I part mine on my left side of my hair. When I first got a side fringe I had it on the right and it never suited me so I changed sides.

I've heard that you're supposed to part your hair to show off the best side of your face too but I have an uneven face so my hair looks odd parted the other way


----------



## Adrienne (Jan 13, 2009)

I never wear my hair down so I had to remember the last time I parted my it LOL. I usually did it through the middle and if to the side, on my left side.


----------



## Karren (Jan 13, 2009)

Center part with bangs... Been doing it that way for decades!! Lol.


----------



## Bec688 (Jan 13, 2009)

It depends, for years I used to part in the middle, now I part on the left side.


----------



## Ozee (Jan 13, 2009)

I rarely have it down no adays aswell, but wheni do i tend to have a little boof on the top and it pinned back rather then parted.

but i will wear it parted to the left slightly but still pinned back and boofed up.

when I had a fringe thingy i would part it usually on the left because thats my 'good side' lol


----------



## Lucy (Jan 13, 2009)

i part it off to the left, but my parting is a side to middle part, like a diagonal line but not totally severe. i do this because if i do a straight line and part it all off to the side i find when you look at me from the right where there is less hair because its so swept over it makes me look a bit bald. also because i lack so much root volume it gives me a bit more of a pouf at the crown.


----------



## pinksugar (Jan 13, 2009)

I also switch it up. I don't have a particular side


----------



## Annelle (Jan 14, 2009)

my hair parts itself on the right side.

if i try to switch it up, my hair will have a huge bubble on it on the side that's parted "wrong" instead of lying flat.
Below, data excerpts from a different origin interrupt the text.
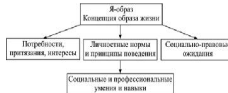
Рис. 3. Структура готовности личности к правопослушному образу жизни

Готовность к правопослушному образу жизни может быть представлена как система свойств его личности, которые в своей совокупности будут определять субъективную необходимость и возможность правомерного поведения в различных сферах жизнедеятельности. Совокупность этих свойств можно представить структурно (рис. 3).
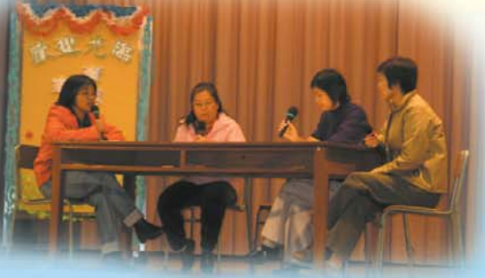
勇敢、具創意、有協作精神的家長在學校周會上演出話劇，向同學介紹家教會。
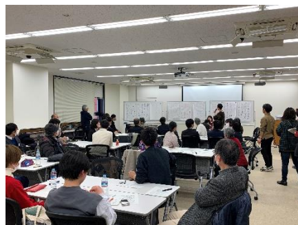
(参考：R5「4大学合同フォーラム」の様子)

doesn't matter if my hair is wet, try, if i'm in the shower or swimming, my hair will naturally just part there.


----------



## xtiffanyx (Jan 14, 2009)

Mine is always just a little off center on the left side. I never switch it up. Now I'm wondering which eye is my better looking one and which way my nose points



; maybe I've been parting my hair the wrong way all along  /emoticons/[email protected] 2x" width="20" height="20" />.


----------



## Jinx (Jan 14, 2009)

Typically mine is off center on the left but not unusual to part in the center. 

A lot of times, if I have been lazy with coloring my hair and covering my greys, then the part is where I have the least amount of grey.


----------



## szie (Jan 14, 2009)

Mine's parted to the right. I wish I could switch up, but my hair doesn't seem to like changes.


----------



## Xryn (Jan 14, 2009)

mine's parted to the right

but i have a widow's peak in the centre


----------



## magosienne (Jan 14, 2009)

I part it on the middle, i used to have a side part, but i didn't like it very much and i switched sides regularly.


----------



## -Chelsey- (Jan 14, 2009)

I part mine on the right side and sometimes in the middle. I've tried switching to the left side but it looks so weird on me for some reason. haha


----------



## Orangeeyecrayon (Jan 15, 2009)

i part my hair on the right side, mostly cause that is where it naturaly falls.


----------



## Searesrayne (Jan 19, 2009)

DOwn the middle xD but i have bangs.. I know some ppl that hate down the middle but i look bad if my hair is parting on the side...


----------



## katina74 (Jan 19, 2009)

always parted in the center


----------



## Killah Kitty (Jan 20, 2009)

Mine is always down the middle too... I think it naturally parts there because if I ever try change it I get some major volume lol.

I dont look good with off-to-the-side parts because then my curls look weird... like I have way too much on one side.

If I ever put my hair up I prefer to have no part at all.


----------



## kabuki_killer (Feb 20, 2009)

Zig zag. Haha. With most of the hair on the right side.


----------



## pinksugar (Feb 20, 2009)

you know, until I saw this post again, I had forgotten how much I dislike my hair parted in the middle. Like, I used to have it that way sometimes, now I absolutely hate it. It looks horrible on me.


----------



## HairEgo (Feb 20, 2009)

LOL I'm all about the teasing of the hair if I've straightened it...bigger is better! Therefore,the part is usually to the left. If i'm wearing my hair curly, I NEVER leave it all down...I always need do something...I'll either make 2 thhin braids on the side or clip some of it back or anything so its not all in my face...lol I guess i didnt really give my 2 cents about parting hair...soo here goes: inorder to find the way your hair should part....comb all your hair* back and let it fall....where it falls is where it should part!


----------



## AnnaKG00 (Feb 20, 2009)

usually on the left side =)


----------



## nursie (Feb 21, 2009)

i've always parted mine on the left side. i guess it started that way because im right handed...left to right?

over the years i've tried parting it on the right side just to be different, and i finally realized my hair is thicker on the left side than it is on the right, so it looks better to let most of it fall to the right.

i hate my hair parted in the middle


----------